If there is one thing I would avoid the most in the world, it would be waiting. Seriously, I can whine all day long because of wasting several minutes to wait for someone or something, I could have use those minutes to do something else. But recently there are some interesting stories I got during my waiting for a person, in the hospital and in a car. Here they go:
1. It was another hours of waiting for my research's consultant. Sitting next to me was a lady whose nose was covered by cotton-aid. This was quite uncommon because most of the women consulting to that Oncology Clinic are breast cancer patients. I can't stand my curiosity and asked her whether she is going to see the doctor because of breast cancer. It turned out that this lady had a lump on her nose and it had been resected the last week. I had just studied about skin malignancy that morning (Malignant Melanoma and Basalioma), so I began to ask some questions relating to her skin lump. One thing surprised me was that this lady is a housewife, which means that she spends most of her days inside her house. While the only predilection for skin malignancy in my mind at that time was UV exposure. She said that she didn't use to wear any sun-screen lotion nor cosmetics when she is outside. But does a minimal exposure to sunlight could end to such skin cancer. I should learn further.
2. Several days later, in the same Oncology Clinic, waiting for the same research's consultant, a woman beside me had been waiting several minutes longer than me. I smiled her once previously, but after an hour of waiting for the same person, side by side, I started the conversation.
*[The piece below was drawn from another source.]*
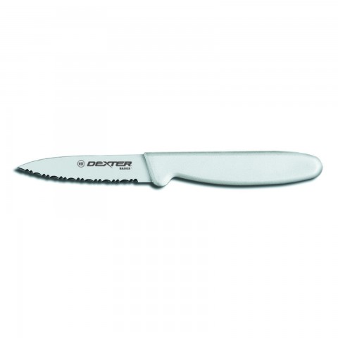 Basics® (P94846) Paring Knife, 3-1/8", scalloped, edge, tapered point, stain-free, high-carbon steel, polypropylene white handle, NSF Certified
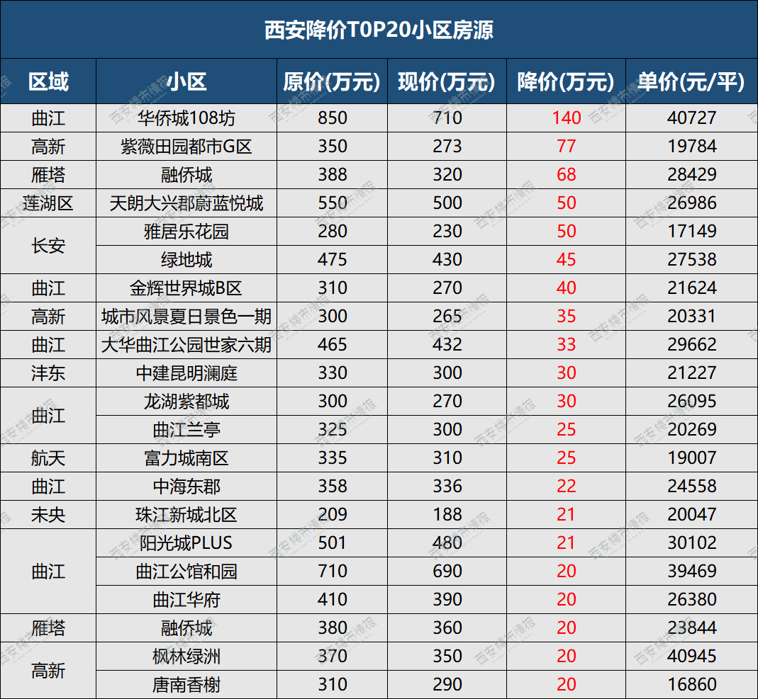 但价格大多数仍在调整当中,以西安来说,降价抛售已经蔓延至主城区热门板块。

She looked fine and I didn't notice anything wrong with her face. But after she said that she suddenly lose her right eye's visual after a series of chemotherapy, I noticed that her eye looked perfectly normal while the left one looked a bit retracted. Turned out that she had done a mastectomy a year ago, continued by a series of radiotherapy and chemotherapy. She had consulted an eye specialist doctor in a private hospital before but the examinations showed nothing wrong with her retina and all. I started to think whether it was the side effect of the chemical they used in chemotherapy or it was the tumor which had metastasized to her brain or eye. I literally googled about it soon after I arrived home but couldn't find the most possible and satisfactory explanations. I should learn more.
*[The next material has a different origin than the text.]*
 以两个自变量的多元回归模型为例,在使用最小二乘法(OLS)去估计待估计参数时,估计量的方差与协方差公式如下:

3. It was this morning, in a travel service when I was going to my hometown. The driver and I were waiting for the next passenger, he asked about med school etc. Then he told me about his 9-month old son who has been suffering cough for the last 4 days. His son also had a fever. A doctor had given him drug prescription. The driver showed me the prescription paper, and although I have just finished pharmacology exam, I still think that I couldn't diagnose and determine the drugs now. It was either under confidence, fear of giving the wrong drug advice, or simply because I realized my own lack of knowledge. I should have learned more, and I will.
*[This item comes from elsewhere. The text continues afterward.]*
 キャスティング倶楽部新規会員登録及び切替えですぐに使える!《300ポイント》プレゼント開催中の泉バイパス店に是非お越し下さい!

The most important thing I've learned is I like the interaction with those people seeking for medical help. I like the heart-to-heart talk, the trust they put in me, so that they could share their health problem. Some even shared their financial problem. This is the privilege I'll have as a medical doctor in the future. I just wonder whether I would have an overly busy schedule with too much patients waiting, so that I would miss those essential talks. Those essential talks which I rarely find it on some senior doctors who examine patients in just 10 minutes. I wonder if being in their position is inevitable, or I am free to choose what kind of doctor I am going to be. I have those ideal goals, but I know being overly idealistic means being ready to be disappointed by the reality.